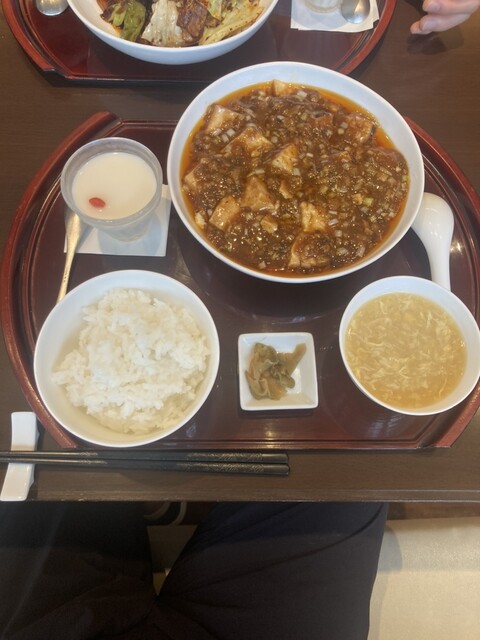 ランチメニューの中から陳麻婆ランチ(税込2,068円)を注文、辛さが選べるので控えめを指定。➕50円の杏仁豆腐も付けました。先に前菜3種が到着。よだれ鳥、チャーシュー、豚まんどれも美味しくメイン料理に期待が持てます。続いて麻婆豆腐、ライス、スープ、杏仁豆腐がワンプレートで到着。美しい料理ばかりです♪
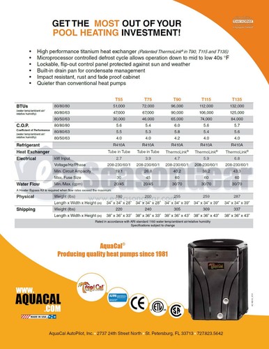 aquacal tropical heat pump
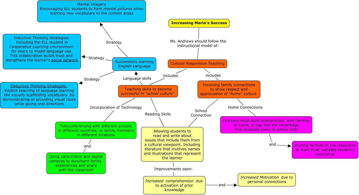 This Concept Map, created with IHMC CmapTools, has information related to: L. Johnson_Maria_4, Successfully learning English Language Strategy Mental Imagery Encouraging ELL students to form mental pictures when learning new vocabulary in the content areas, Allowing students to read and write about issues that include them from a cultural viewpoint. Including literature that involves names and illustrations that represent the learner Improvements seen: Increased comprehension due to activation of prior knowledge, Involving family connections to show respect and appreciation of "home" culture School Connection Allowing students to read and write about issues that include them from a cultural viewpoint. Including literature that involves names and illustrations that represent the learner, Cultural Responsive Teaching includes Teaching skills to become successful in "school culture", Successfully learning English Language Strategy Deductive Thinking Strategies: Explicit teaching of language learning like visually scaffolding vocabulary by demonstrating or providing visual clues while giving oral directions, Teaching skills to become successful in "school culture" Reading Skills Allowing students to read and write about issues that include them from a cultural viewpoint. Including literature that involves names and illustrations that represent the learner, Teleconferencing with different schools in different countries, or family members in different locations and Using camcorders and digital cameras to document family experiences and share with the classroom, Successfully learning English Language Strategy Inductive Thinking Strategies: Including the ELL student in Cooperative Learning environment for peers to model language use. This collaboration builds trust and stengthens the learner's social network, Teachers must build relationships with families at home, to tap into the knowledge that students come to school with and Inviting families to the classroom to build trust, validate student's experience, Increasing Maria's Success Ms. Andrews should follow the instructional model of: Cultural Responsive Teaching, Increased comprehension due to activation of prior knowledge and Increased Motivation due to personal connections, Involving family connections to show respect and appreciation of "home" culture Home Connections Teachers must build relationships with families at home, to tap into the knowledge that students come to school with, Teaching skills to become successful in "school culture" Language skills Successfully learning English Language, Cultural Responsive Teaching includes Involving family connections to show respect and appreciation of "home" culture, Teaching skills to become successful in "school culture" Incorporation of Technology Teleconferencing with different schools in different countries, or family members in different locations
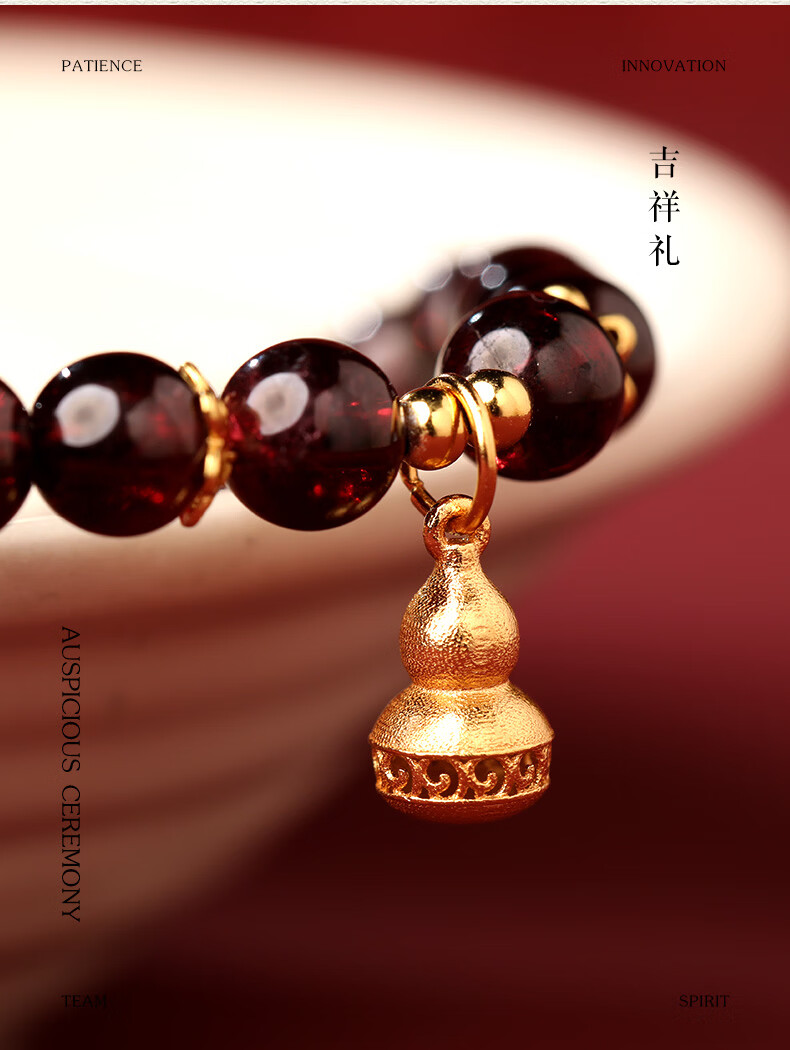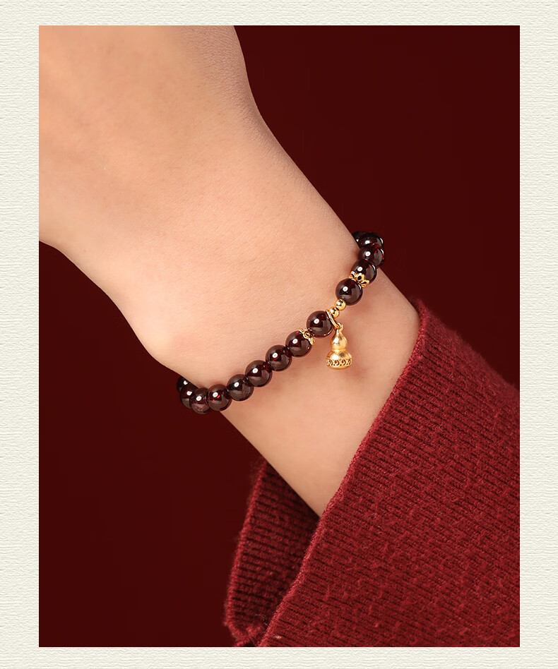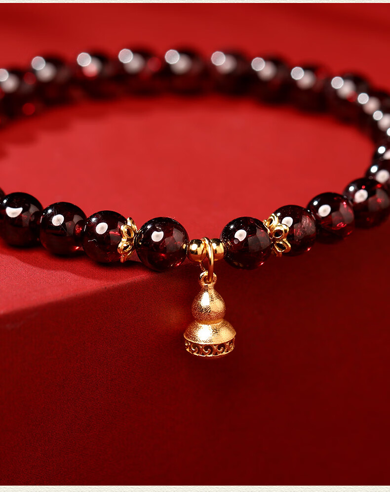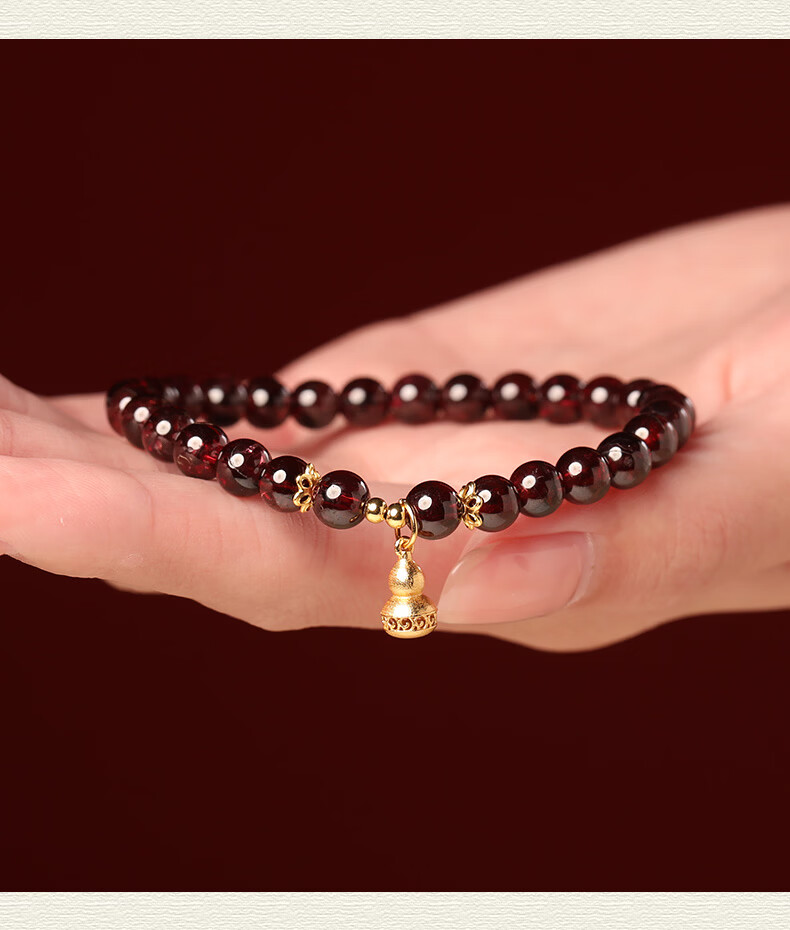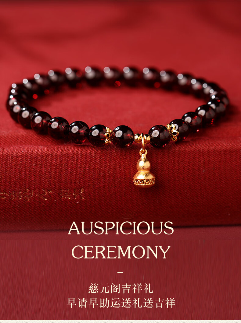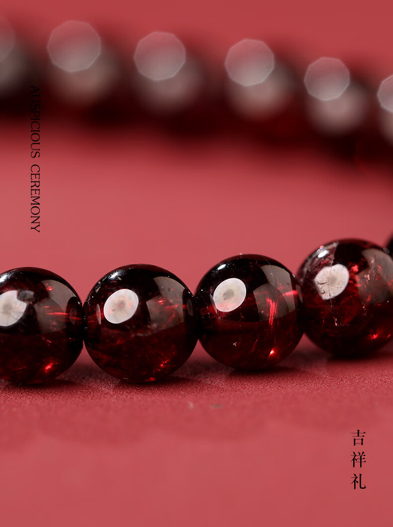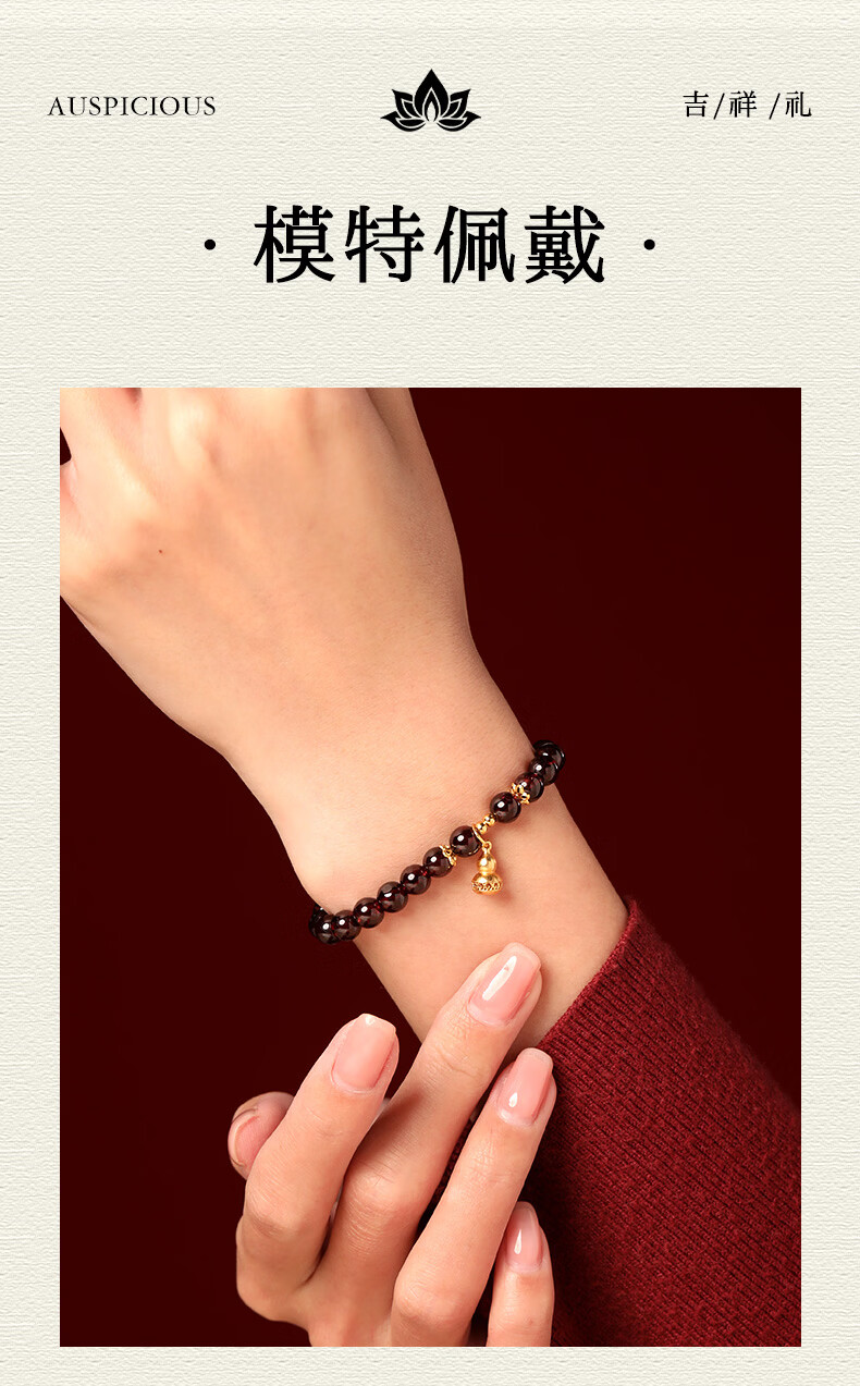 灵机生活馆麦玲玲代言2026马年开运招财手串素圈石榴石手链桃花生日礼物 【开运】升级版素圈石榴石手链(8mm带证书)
----------------------------------------
- [EXERCISE DIRECTIONS]:
Skip the pictures and restate exactly the lines from the beginning of the listing to the line with "aquacal tropical heat pump", that line included.

- [SOLVED PROBLEM]:
 ランチメニューの中から陳麻婆ランチ(税込2,068円)を注文、辛さが選べるので控えめを指定。➕50円の杏仁豆腐も付けました。先に前菜3種が到着。よだれ鳥、チャーシュー、豚まんどれも美味しくメイン料理に期待が持てます。続いて麻婆豆腐、ライス、スープ、杏仁豆腐がワンプレートで到着。美しい料理ばかりです♪
 aquacal tropical heat pump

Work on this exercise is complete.